● **Directions for this task**
Pictures in the data should be dropped; transcribe exactly the lines from the one that has "As a custom" through the one that has "عینک آفتابی خلبانی".

● **Given data**
=== Section Start ===

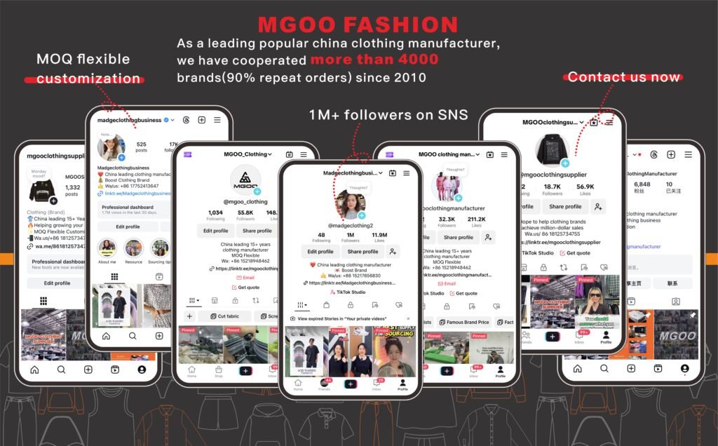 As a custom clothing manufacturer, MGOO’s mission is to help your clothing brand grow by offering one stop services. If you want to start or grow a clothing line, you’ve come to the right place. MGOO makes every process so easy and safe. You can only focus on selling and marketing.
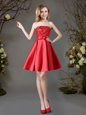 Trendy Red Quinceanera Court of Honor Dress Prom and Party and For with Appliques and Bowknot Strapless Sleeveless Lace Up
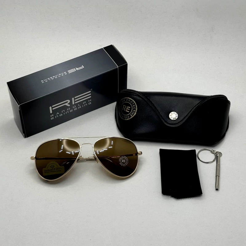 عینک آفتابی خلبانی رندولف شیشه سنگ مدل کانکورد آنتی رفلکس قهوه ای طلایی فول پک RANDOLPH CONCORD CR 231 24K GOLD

=== Section End ===
=== Section Start ===

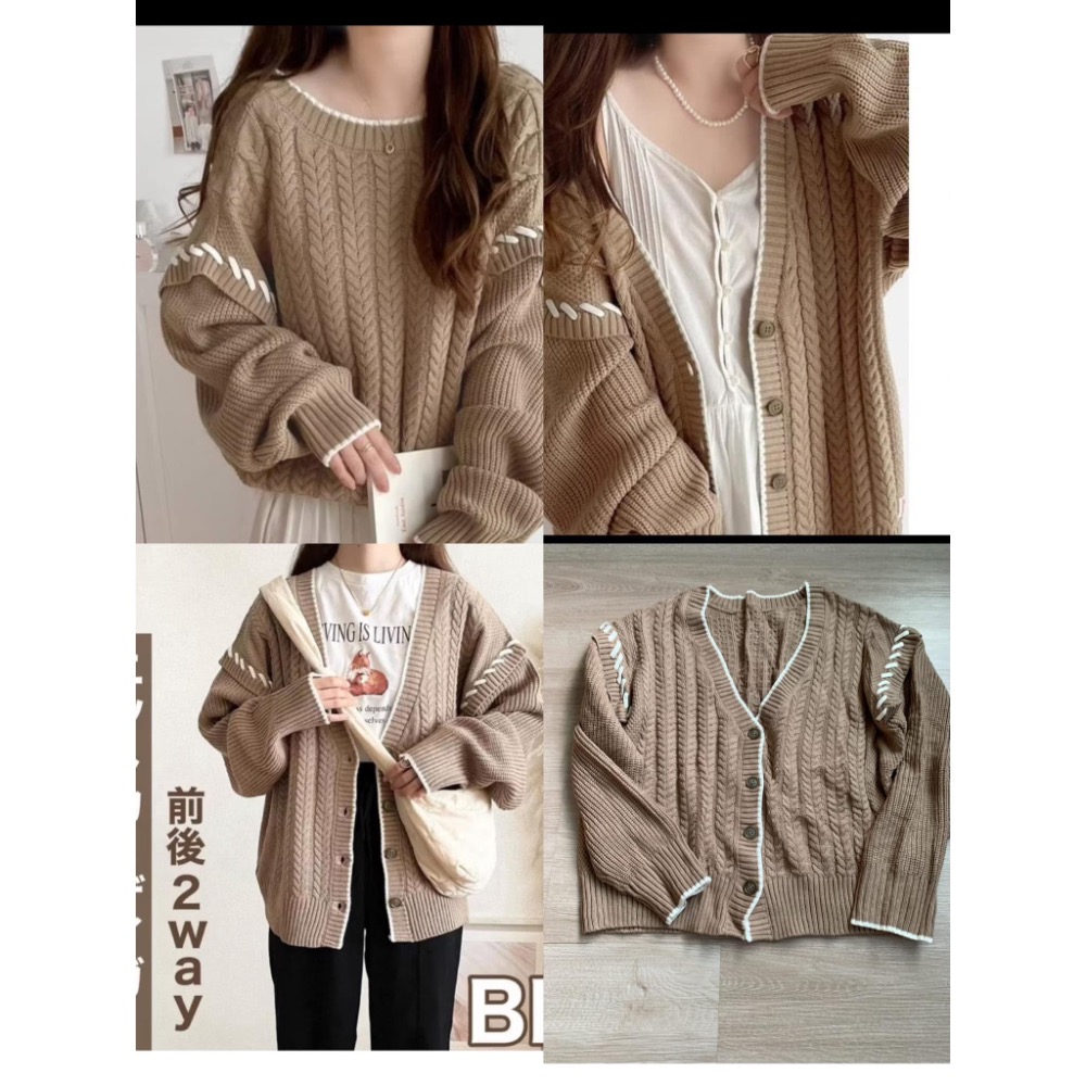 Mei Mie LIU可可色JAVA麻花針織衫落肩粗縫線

=== Section End ===

● **Task answer**
 As a custom clothing manufacturer, MGOO’s mission is to help your clothing brand grow by offering one stop services. If you want to start or grow a clothing line, you’ve come to the right place. MGOO makes every process so easy and safe. You can only focus on selling and marketing.
 Trendy Red Quinceanera Court of Honor Dress Prom and Party and For with Appliques and Bowknot Strapless Sleeveless Lace Up
 عینک آفتابی خلبانی رندولف شیشه سنگ مدل کانکورد آنتی رفلکس قهوه ای طلایی فول پک RANDOLPH CONCORD CR 231 24K GOLD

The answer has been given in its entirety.